A rede social facebook, conhecida por fazer constantes alterações sem qualquer tipo de pré- aviso, costuma, periodicamente, censurar conteúdos como se um qualquer algoritmo comandasse as operações. O discernimento, de facto, não costuma ser grande quando a nudez é identificada. O que leva à exclusão de obras de arte – que podem incluir a escultura, a pintura, o cinema ou a fotografia – de diferentes regiões e épocas da história humana. De vídeos em que sejam mostrados os orgãos genitais dos membros de diversas etnias que não costumam partilhar os hábitos ocidentais no que respeita a moral ou a vestuário. Ou de fotografias em que está presente a amamentação materna. A moralização falha, contudo e por exemplo, quando esteve em causa a postagem de um vídeo que mostra uma mulher a ser decapitada por parte de um grupo organizado ligado ao narco- tráfico mexicano.

Qualquer empresa privada, de qualquer forma, tem o direito de definir regras de postagem ou de publicação. Contudo: está em causa a concentração de actividades que estavam anteriormente mais dispersas e por esta razão, mais livres. O comércio tradicional livreiro não sobrevive face às constantes investidas de empresas supra- nacionais como a Amazon. E espaços de distribuição informativa, como o facebook, há muito tempo que deixaram de constituir passatempos marginais. Constituem novos “estados” aos quais é quase impossível escapar por razões de ordem publicitária ou laboral. O networking faz parte do dia a dia de milhões de cidadãos a nível internacional. Constituem hobbies standardizadores e massificadores que orientam o discurso planetário e que promovem, não raras vezes, a auto- censura a nível consciente ou inconsciente. O comércio tradicional, nisto, deixava, pelo menos, “respirar”. Contudo: o foco teima em não se reorientar. Os novos alvos são, ainda, demasiadamente perdoados. Quando, no fundo, constituem, actualmente, uma chave e uma das peças principais.

O jornalismo contemporâneo, apesar de progressivamente mais atento, não precisa de deixar de escrutinar aquilo que se denomina como “tradicional”: o que, ainda, aparenta ser exterior ao tentáculo das estruturas digitais.
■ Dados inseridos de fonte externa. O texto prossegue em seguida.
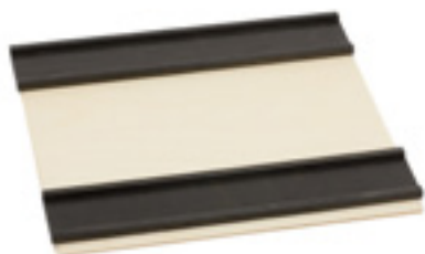
Z098 PISTA DIRITTA
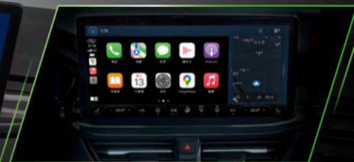
13.2 吋 SYNC®4 娛樂通訊整合系統內建原廠導航 (支援無線 Apple CarPlay® 與 Android Auto™)

Mas à medida que a tecnologia se desenvolve e a separação se torna progressivamente mais difusa ou mesmo inexistente: precisa de começar a interpretar um planeta que será, a partir de agora, cada vez mais complexo, dificil de noticiar e de descodificar. Explicações que não se conseguem com posts nem “infográficos”. Se assim o desejar: terá muita investigação a fazer e trabalho de qualidade a realizar.